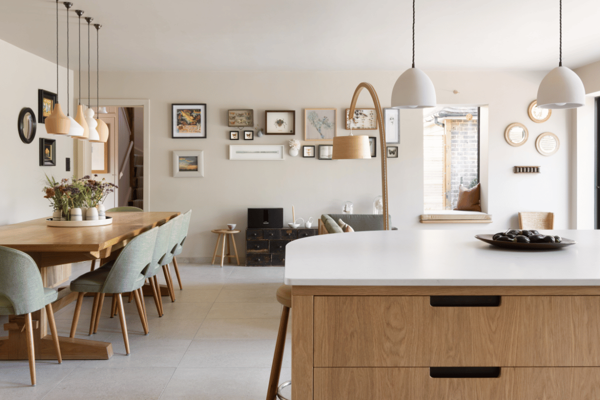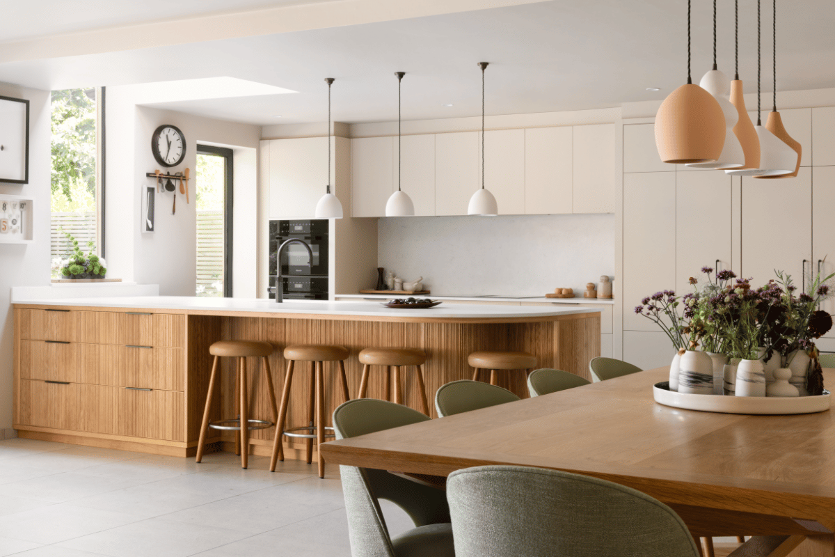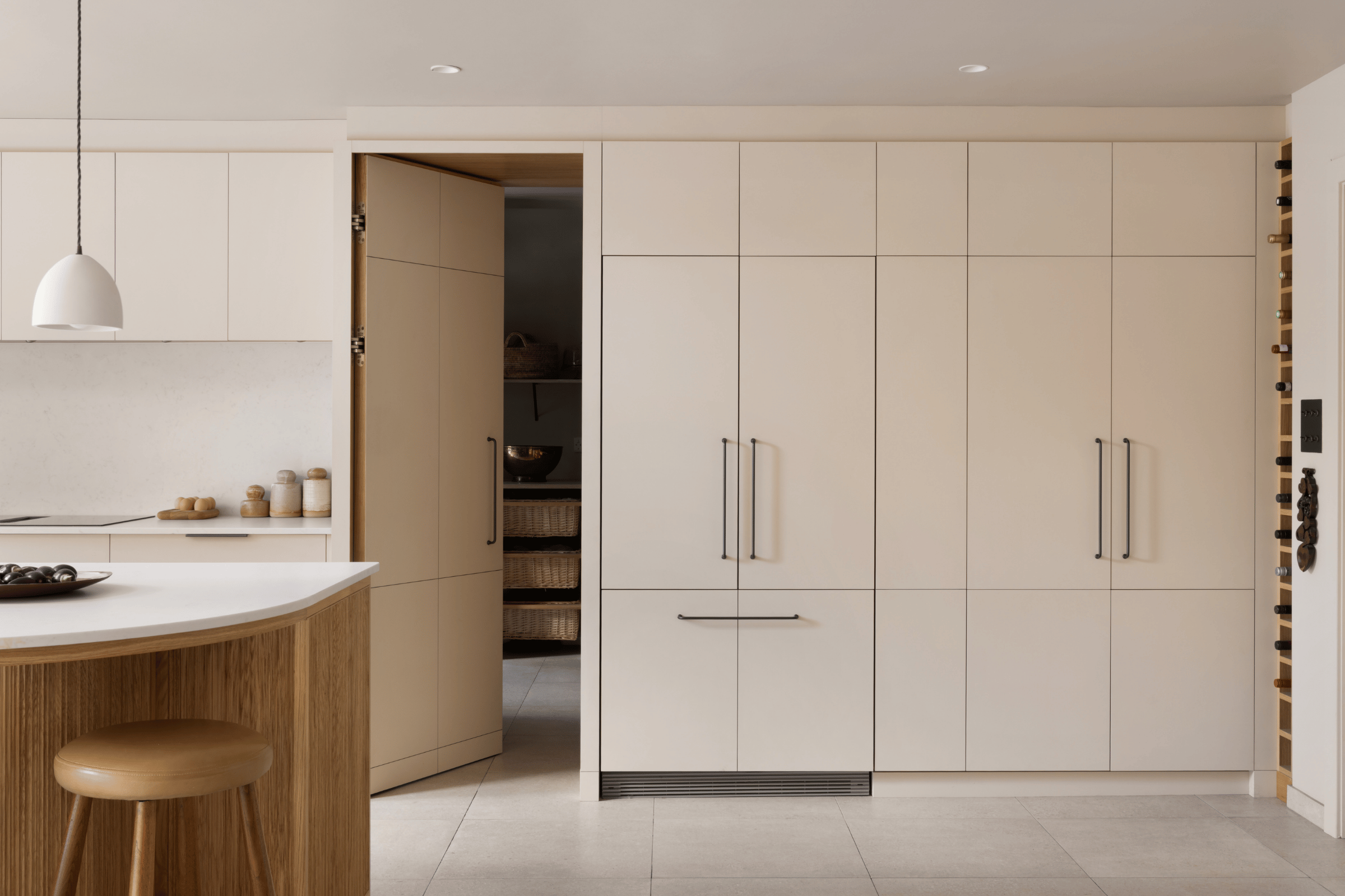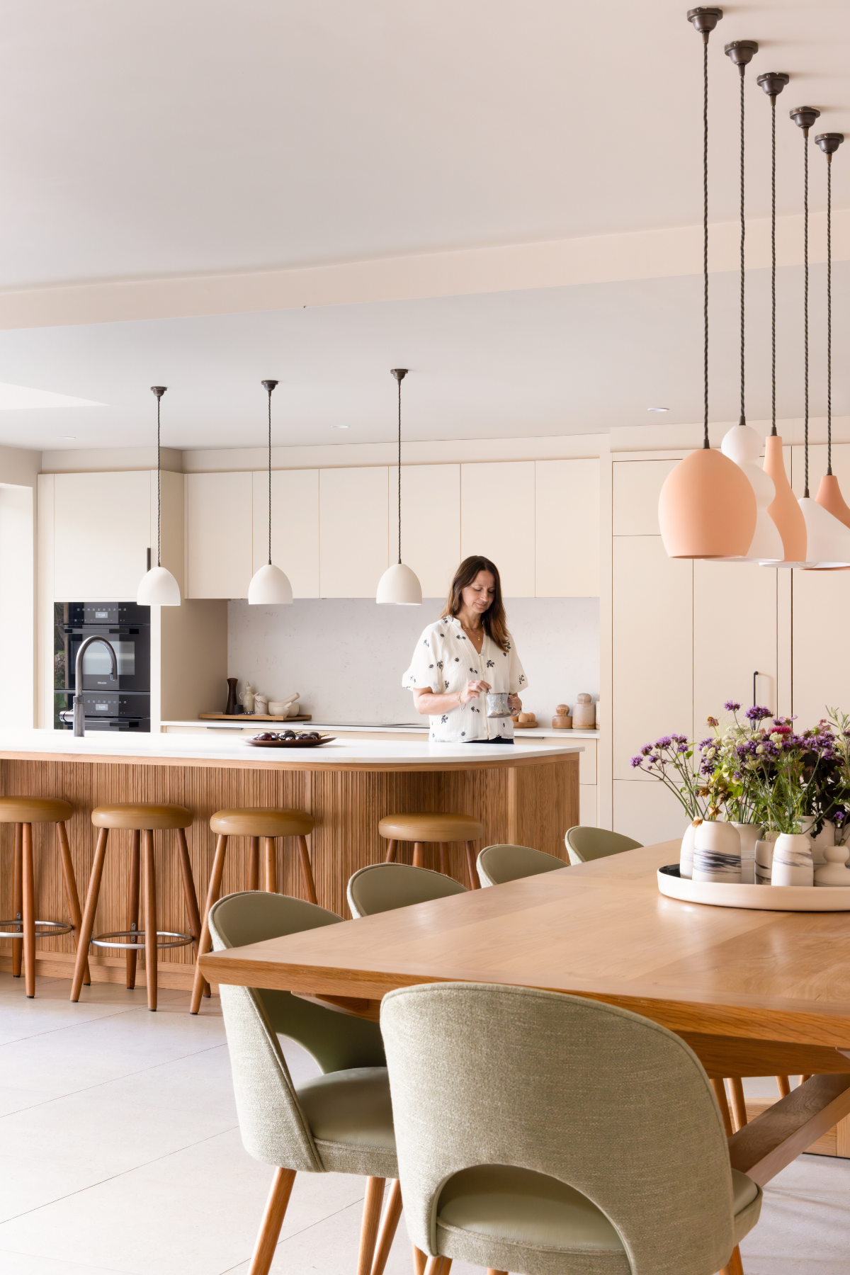 The space was conceived to be social and practical, working in harmony with the surrounding garden, ceramics studio and living areas. Thoughtful features include a concealed utility door, a minimalist cabinet layout with as few handles as possible, and a seamless transition from kitchen to garden patio.
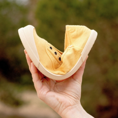 Zapatilla de lona 100% algodón, de concepto barefoot medium, cero drop, flexible, blandita y con plantilla extraíble. El tinte de nuestras lonas es irregular por su efecto lavado. Lavar en agua fría no sin antes extraer la plantilla.
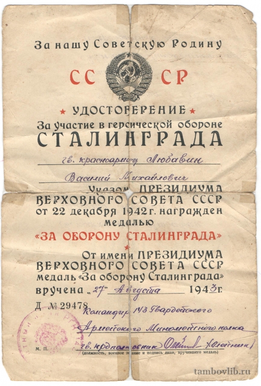 Удостоверение. За участие в героической обороне Сталинграда гв. красноармеец Любавин Василий Михайлович награжден медалью "За оборону Сталинграда" (указ Президиума Верховного Совета СССР от 22 декабря 1943 года)
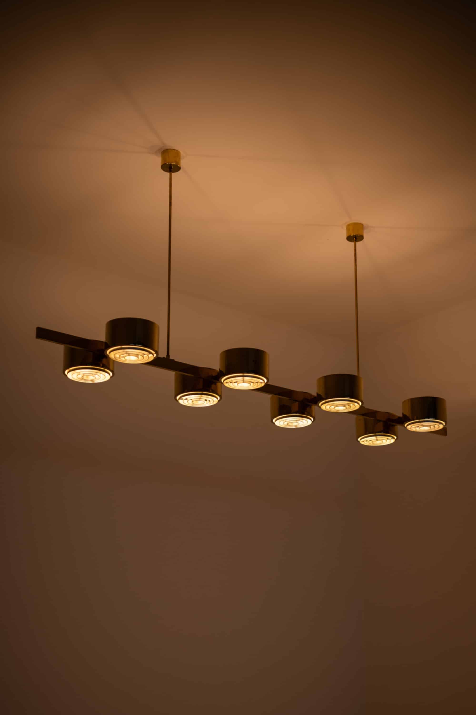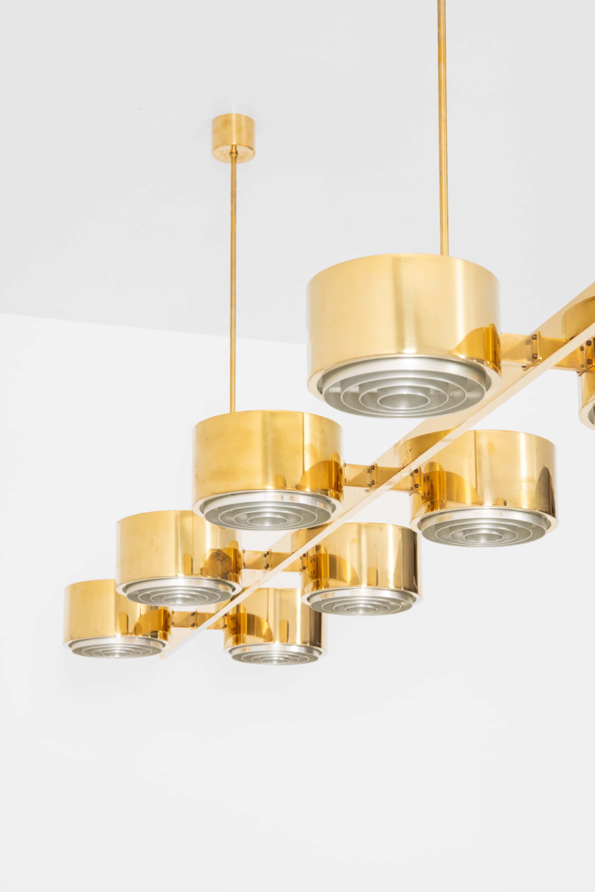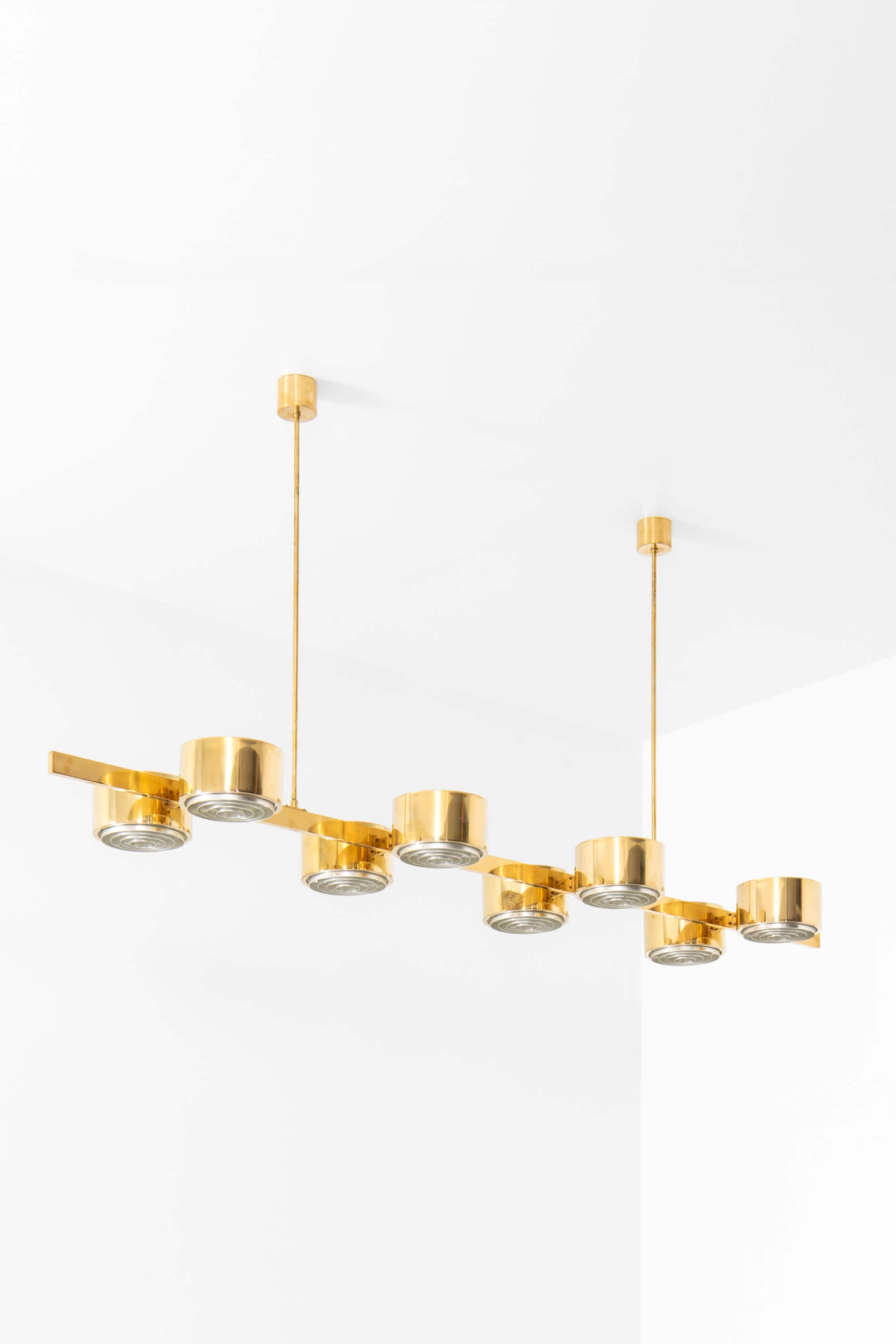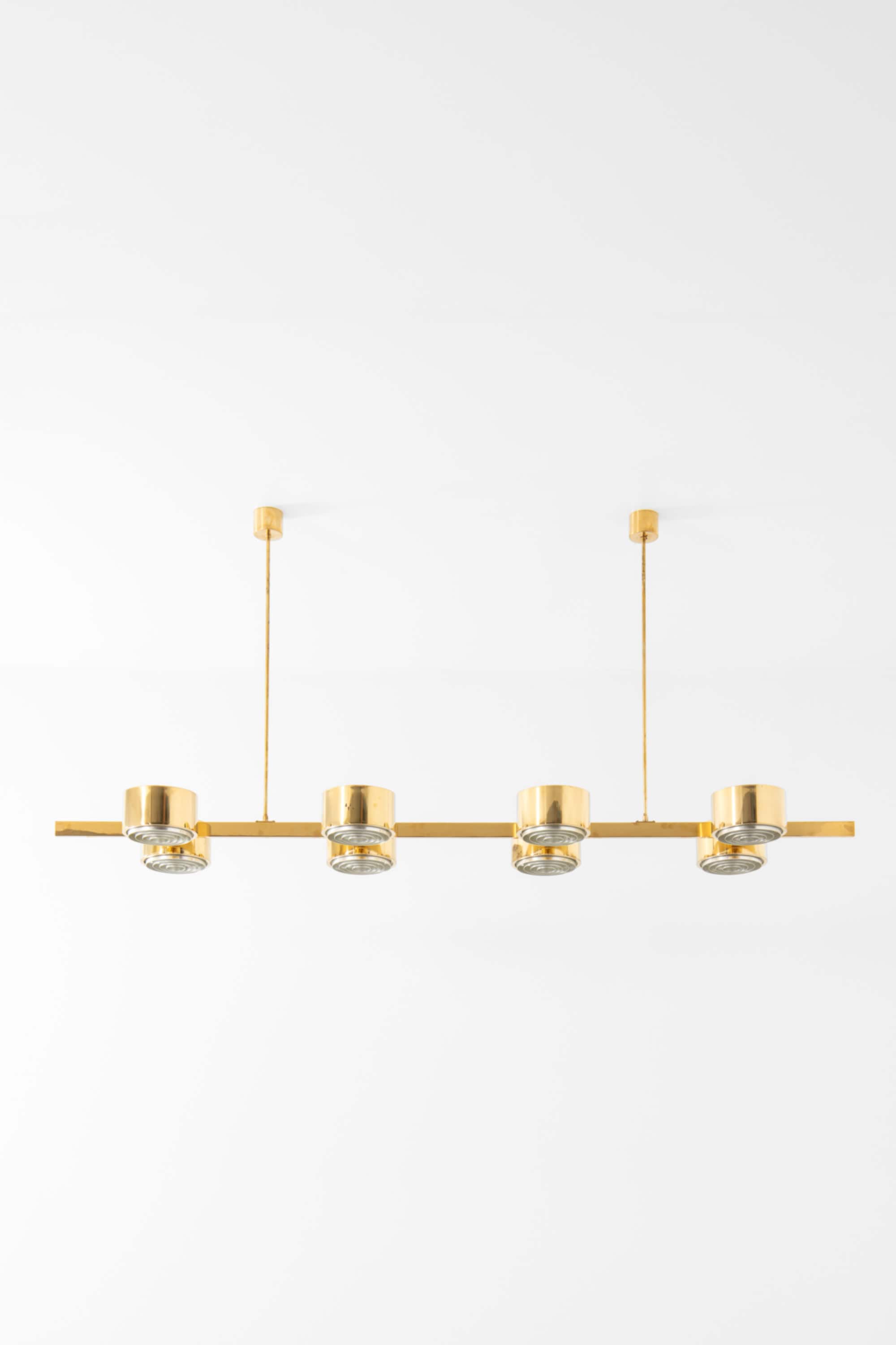 The construction is executed entirely in brass, with a long horizontal bar supporting eight cylindrical light units arranged symmetrically along the axis. Each cylinder houses a recessed light source combined with a concentric internal diffuser structure, creating a layered, circular pattern that softens and directs the light downward while minimizing glare. The brass surfaces have a warm golden tone, characteristic of Jakobsson’s work from this period, and interact subtly with the light, producing a restrained yet atmospheric illumination. The overall form is strictly geometric, emphasizing balance, rhythm, and linearity.

- Task objective:
Retype each line of the data exactly, beginning with the first; include the line containing "Удостоверение. За участие" and stop there, skipping every picture.

- Your response:
 The space was conceived to be social and practical, working in harmony with the surrounding garden, ceramics studio and living areas. Thoughtful features include a concealed utility door, a minimalist cabinet layout with as few handles as possible, and a seamless transition from kitchen to garden patio.
 Zapatilla de lona 100% algodón, de concepto barefoot medium, cero drop, flexible, blandita y con plantilla extraíble. El tinte de nuestras lonas es irregular por su efecto lavado. Lavar en agua fría no sin antes extraer la plantilla.
 Удостоверение. За участие в героической обороне Сталинграда гв. красноармеец Любавин Василий Михайлович награжден медалью "За оборону Сталинграда" (указ Президиума Верховного Совета СССР от 22 декабря 1943 года)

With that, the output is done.